WEDNESDAY, Oct. 5, 2016 (HealthDay News) — Adults who have experienced stress as children appear to have an increased risk of shorter telomeres, according to research published online Oct. 3 in the Proceedings of the National Academy of Sciences.
Eli Puterman, Ph.D., director of the Fitness, Aging & Stress Lab at the University of British Columbia in Vancouver, Canada, and colleagues analyzed saliva DNA samples from 4,598 people aged 50 and older who are participating in the U.S. Health and Retirement Study. The study participants had been asked about stressful events throughout their lives, both as children and adults. The researchers examined these events and compared them against the likelihood that a person would have short telomeres.
Overall, a person with a lifetime of stressful events had a slightly increased risk of shorter telomeres, even after the researchers accounted for other factors that affect cellular aging, such as smoking, education, income, age, weight, and medical history.
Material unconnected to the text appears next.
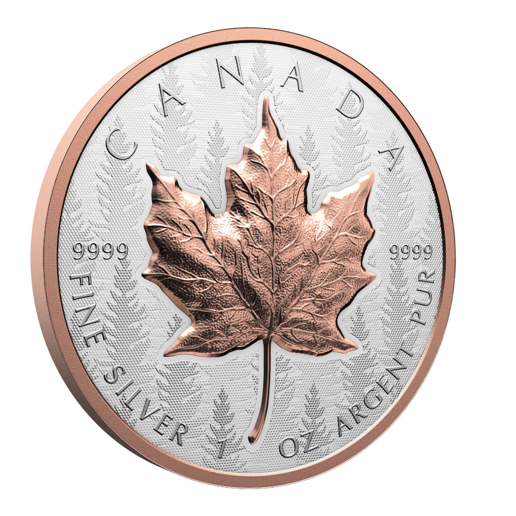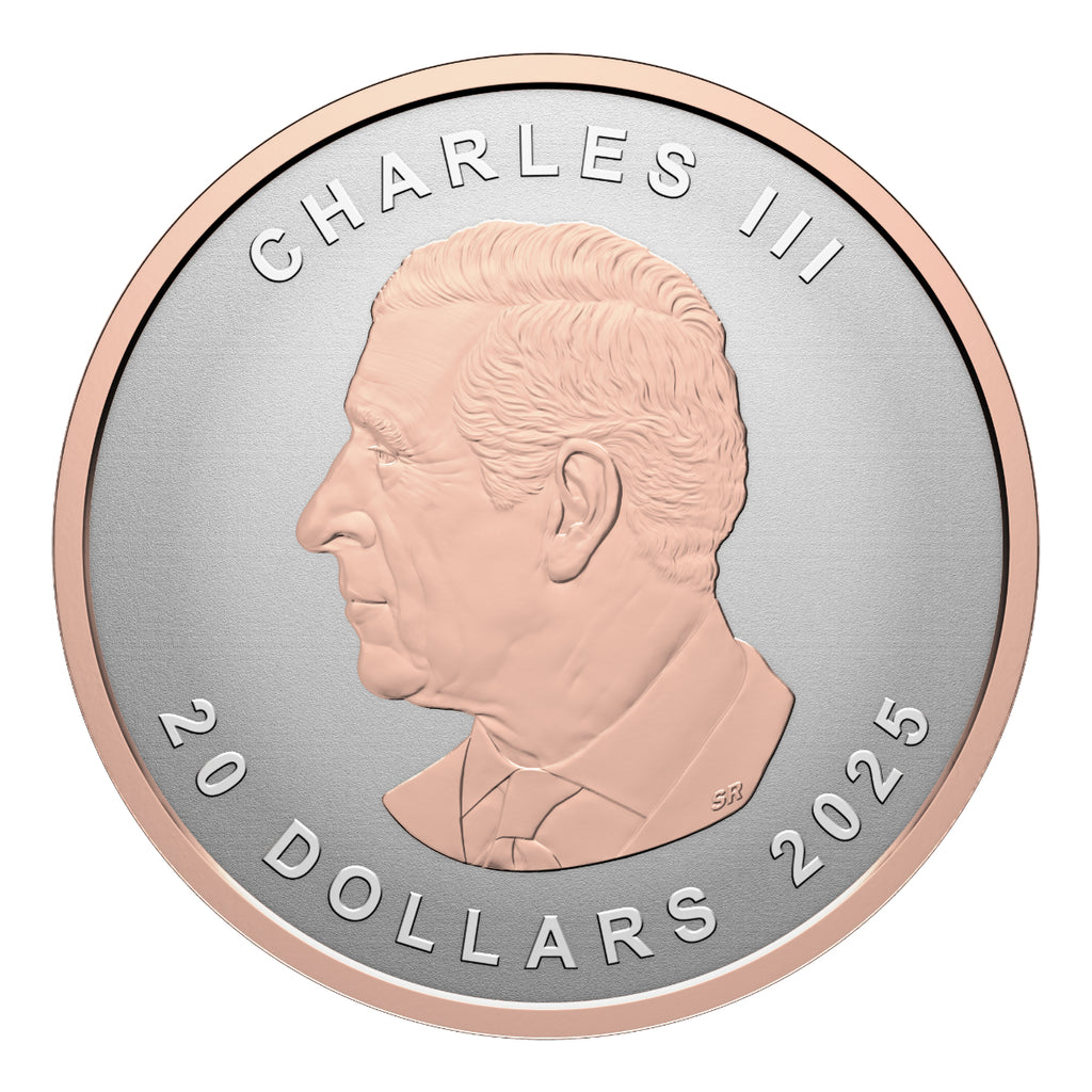 An expression of pride for these incredible landscapes, the Heart of the Forest pulsating field pattern returns in 2025, transporting the viewer into the heart of a misty forest on this 1-oz. coin’s reverse. The trees fall in and out of view behind the Silver Maple Leaf (SML) design struck in Ultra High Relief (UHR) and highlighted by rose gold plating, which stands in for red, the boldest of Canada’s fall hues and official colours.

The childhood events seemed to be driving the increased risk of rapid cellular aging, rather than stress endured in adulthood, Puterman told HealthDay. Each significant stressful event in a person’s childhood appeared to increase the risk of shorter telomeres by 11 percent.
These events can include drug or alcohol abuse by parents, physical abuse, trouble with the law, having to repeat a grade, or financial hardships in the family, according to the report. “We found those psychological or social types of stressors seem to be driving the effect the most in this particular study, more so than financial stressors,” Puterman said.